Hi Jarvis! Thanks for your suggestion, but I tried already the tf package and it is also changing the original orientation.

I kept the original indices of the Eigen implementation.

What I am doing now is to send the rotation matrix via ros msg to my main c++ node and converting there to quaternions also using the tf library. This works, but I really do not understand the difference between my python and the Eigen implementation.

biermann gravatar image biermann  ( 2021-10-07 11:42:06 -0500 )edit

transformations.py has been around for a long time. Age does not make perfect per se, but I'd be surprised if there wouldn't be more reports about quaternion_from_matrix(..) not working as it should.

I'm not saying you're not seeing what you're seeing, but with code of this age and history of use, personally I would doubt my own use of it before something else.

gvdhoorn gravatar image gvdhoorn  ( 2021-10-07 12:00:05 -0500 )edit

Hi gvdhoorn! I totally agree with you. Probably I made a stupid mistake along the way, but I can not think of one.

I edited the question.

biermann gravatar image biermann  ( 2021-10-07 13:27:38 -0500 )edit
1

Without seeing what you did in your C++ code and how you are sending your transforms it's impossible to guess at what you might be doing wrong. However, I will say that Eigen natively seems to agree perfectly with Python's result in the numerical example you added to the original question. https://replit.com/@JarvisSchultz/Tru...:

$ ./main
Rotation Matrix: 
 0.117833 -0.119897  0.985769
 0.689714   0.72406 0.0056211
-0.714429  0.679237  0.168013
Quaternion: 
0.237571
0.599628
0.285534
0.708856
jarvisschultz gravatar image jarvisschultz  ( 2021-10-07 17:09:02 -0500 )edit

Jarvis you are right! I was very sure that the problem lies in the calculation of the quaternions and the rest of the code is spread through different functions and nodes, which would make it difficult to post it here.

Still thank you a lot for your help!

biermann gravatar image biermann  ( 2021-10-08 03:01:04 -0500 )edit
0

answered 2021-10-08 03:19:23 -0500

biermann gravatar image

updated 2021-10-08 03:20:14 -0500

With the help of Jarvis I found the problem.
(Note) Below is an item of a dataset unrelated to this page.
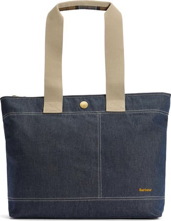 Dry waxed cotton keeps the durability up and the weight down for this spacious tote bag featuring signature Barbour detailing, such as corduroy trim and tartan lining.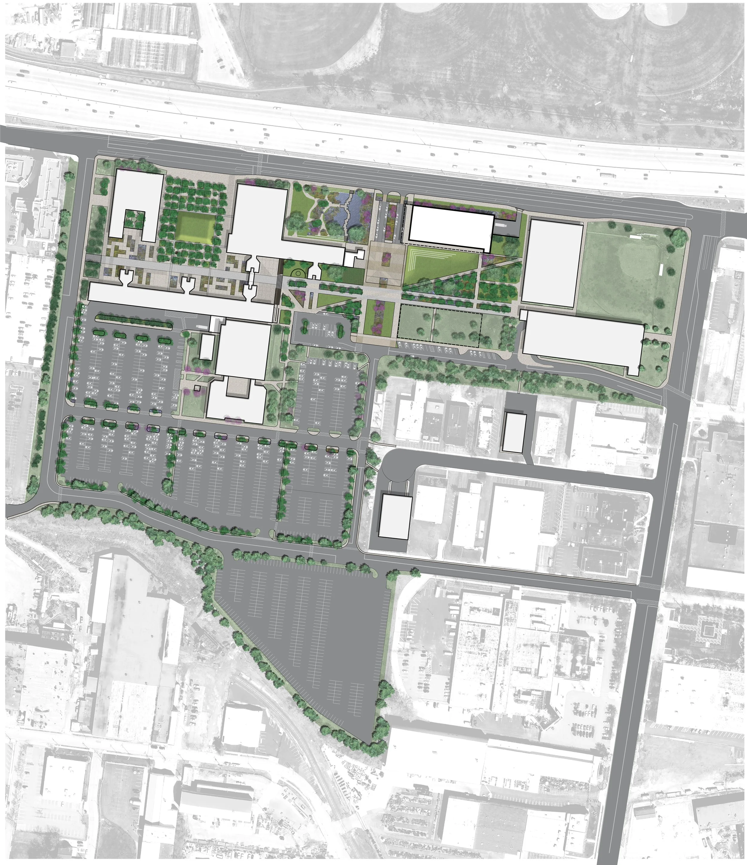 The proposed removal of these two towers would significantly alter the campus design, which was originally arranged as a continuous bar of interconnected buildings, ushering in a myriad of new possibilities for the eastern half of the campus. The primary focus of this planning effort was to study how the new building, and removal of the old, might positively impact pedestrian connectivity, vehicular circulation, open space experience, and landscape identity. Additionally, many of the exterior spaces beyond the limits of the Center for Nursing and Health Sciences building were showing signs of decline. The design team identified these spaces as candidates for future investment, to be developed as functional spaces which encourage interaction with nature, increase student and staff retention, and strengthen campus identity.

I am using 3 directional vectors to construct my rotational matrix vx, vy and vz. As their dimensions are [0,3] transposing them has no effect because the first dimension is zero.

    vx = ndarray([1, 2, 3])
    print(vx.T)
>>> [1, 2, 3]

So I built my rotation matrix wrong:

vx = ndarray([1, 2, 3])
vy = ndarray([4, 5, 6])
vz = ndarray([7, 8, 9])

R = np.asarray([vx.T, vy.T, vz.T], dtype=np.float64)
>>> [[1, 2, 3]
     [4, 5, 6]
     [7, 8, 9]

One solution would be:

R = np.asarray(np.column_stack((vx, vy, vz)), dtype=np.float64)
>>> [[1, 4, 7]
     [2, 5, 8]
     [3, 6, 9]

As the rotation matrix was wrong every algorithm calculated different quaternions with different orientations, which led me think that the problem lies there.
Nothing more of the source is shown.